Abstract
Background and aims:
Chest high-resolution computed tomography (HRCT) is the central diagnostic tool in discerning idiopathic pulmonary fibrosis (IPF) from other interstitial lung disease (ILDs). In 2018, new guidelines were published and the nomenclature for HRCT interpretation was changed. We sought to evaluate how clinicians’ interpretation would change based on reading HRCTs under the framework of the old
Materials and methods:
We collated HRCTs from 50 random cases evaluated in the Inova Fairfax ILD clinic. Six ILD experts were provided the deidentified HRCTs. They were all instructed to independently provide two reads of each HRCT, based on the old and the new guidelines.
Results:
The kappa statistic for concordance for HRCT reads under old guidelines was 0.5, while for the new guidelines it was 0.38. Under the framework of the old guidelines, there were 22 HRCTs with unanimous consensus reads, while only 15 with the new guidelines. There were 12 HRCTs read unanimously as usual interstitial pneumonia (UIP) pattern based on both the old and the new guidelines. Ten HRCTs were read as a possible UIP pattern based on the old guidelines and were classified in nine cases as probable UIP and one indeterminate based on the new guidelines. Of the 28 inconsistent UIP HRCTs (old guidelines), 25 were read as alternative diagnosis suggested, two were read as indeterminate and one as probable UIP.
Conclusion:
Implementation of the new guidelines to categorize HRCTs in ILD patients appears to be associated with greater inter-interpreter variability. How or whether new guidelines improve the care and management of ILD patients remains unclear.
Keywords
Introduction
Idiopathic pulmonary fibrosis (IPF) is a chronic, progressive, fibrosing interstitial lung disease of unknown etiology occurring predominantly in elderly patients. 1 Accurately discerning IPF from other forms of interstitial lung disease (ILD) is exceedingly important as it has a different prognosis and treatment paradigm. The central diagnostic tool is high-resolution computed tomography of the chest (HRCT). In most cases, depending on the clinical circumstance, the HRCT can be diagnostic with no further work-up necessary. In some cases, when there is diagnostic uncertainty, a surgical lung biopsy may be required. When tissue is obtained, the histopathological pattern found in IPF is described as usual interstitial pneumonia (UIP). A UIP pattern can, however, be seen in other forms of ILD; therefore, a lung biopsy is not the gold standard for making the diagnosis. 1 The gold standard for the diagnosis is the multidisciplinary meeting where a discussion of each case takes place with representation from Pulmonary, Thoracic Radiology and Pathology in order to attain a consensus diagnosis.2,3
The term “UIP” has now been adopted as radiologic nomenclature where an imaging UIP pattern has been described. This is characterized by honeycombing, sub-pleural basilar reticulation, with or without traction bronchiectasis/bronchiolectasis and absence of inconsistent features (cysts, consolidation, alveolar infiltrates). 2 However, many patients do not demonstrate all of these features and various “shades” of a UIP pattern have been described. These descriptions were provided in a consensus statement from 2011, and updated in 2018.1,2 In the prior guidelines, there were three categories which were changed to four categories in the most recent iteration (see Table 1). The description of UIP is essentially unchanged between the two guidelines statements, while the prior “inconsistent UIP pattern” has been replaced with “alternative diagnosis suggested”. The categorization of a “possible” UIP has been dropped and two new categories of a “probable” and “indeterminate” UIP pattern have been added. How many patients in the prior categorization would change categories in the new characterization and how this might affect their further work-up and management remains to be determined.
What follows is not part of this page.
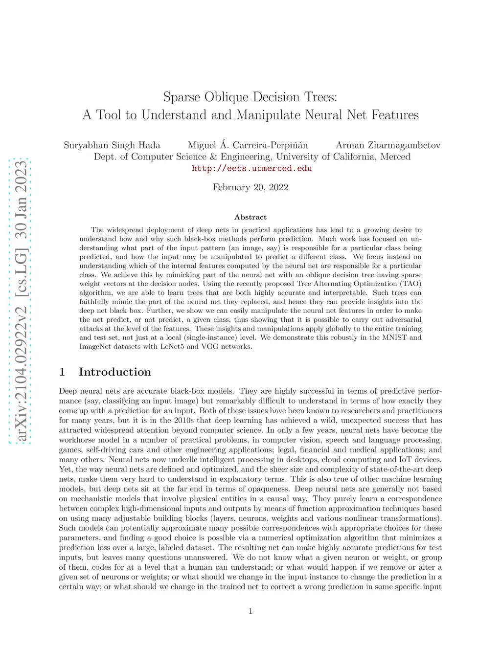 Sparse Oblique Decision Trees: A Tool to Understand and Manipulate

The objective of this current study was to categorize the HRCTs of ILD patients under the framework of both the new and the old guidelines by a group of Pulmonologists and a Radiologist blinded to any clinical information. In addition to establishing a consensus read and determining changes in categorization, another goal was to determine the level of concordance among the readers for the old and new categorizations.
Methods
We performed a review of patients with ILD who were seen at the Inova Fairfax Hospital Interstitial Lung Disease Clinic from 2012 to 2019. Patients qualified for inclusion if they had a high-resolution computed tomography (CT) of the chest available and accessible within the electronic medical record (Epic) system and if a firm diagnosis had been established. The clinic maintains a database of all patients evaluated, with data entered prospectively at the time of their initial evaluation. Patients with ILD were diagnosed based on their clinical presentation, HRCT scan appearance, and, where there was any element of doubt, surgical lung biopsy. Patient demographics and data at or near the time of presentation was collected and analyzed. Data collated included age, sex, lung function tests and final diagnosis.
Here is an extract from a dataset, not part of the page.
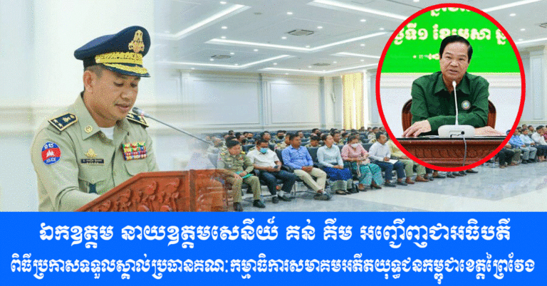 ឯកឧត្តម នាយឧត្តមសេនីយ៍ គន់ គីម អញ្ជើញជាអធិបតី ពិធីប្រកាសទទួលស្គាល់ប្រធានគណៈកម្មាធិការសមាគមអតីតយុទ្ធជនកម្ពុជាខេត្តព្រៃវែង ចេញផ្សាយ ថ្ងៃទី ០១ ខែ មេសា ឆ្នាំ ២០២៣ ព្រែវែង៖ ឯកឧត្តម នាយឧត្តមសេនីយ៍ កិត្តិសង្គហបណ្ឌិត គន់ គីម ទេសរដ្ឋមន្ត្រី...

Deidentified representative images from eight levels of each patient’s axial HRCT images, equidistant from each other and encompassing the thorax from the apex to the lung bases, were captured and copied into individual PowerPoint presentations. Six clinicians (five Pulmonologists and one Thoracic Radiologist) were provided the deidentified HRCTs and entered their individual reads blinded to each other’s interpretation and to all clinical information. The six physicians were all ILD experts based at five ILD centers spanning three different countries (Brazil, France and the USA). Each participant interpreted the HRCTs and was asked to evaluate for the presence of the following elements: honeycombing, subpleural reticulation, traction bronchiectasis, traction bronchiolectasis, mosaicism, ground glass opacification and emphysema, as well as information pertaining to the distribution of the abnormalities. Each reader was then asked to categorize the HRCT pattern based on (i) the 2011 guidelines and (ii) the 2018 guidelines, with interpretation entered into an Excel-based data capture form. Consensus reads were decided by majority; in cases where there was an equal split, the Thoracic Radiologist’s read was used as the “tiebreaker”. Local institutional review board approval was obtained.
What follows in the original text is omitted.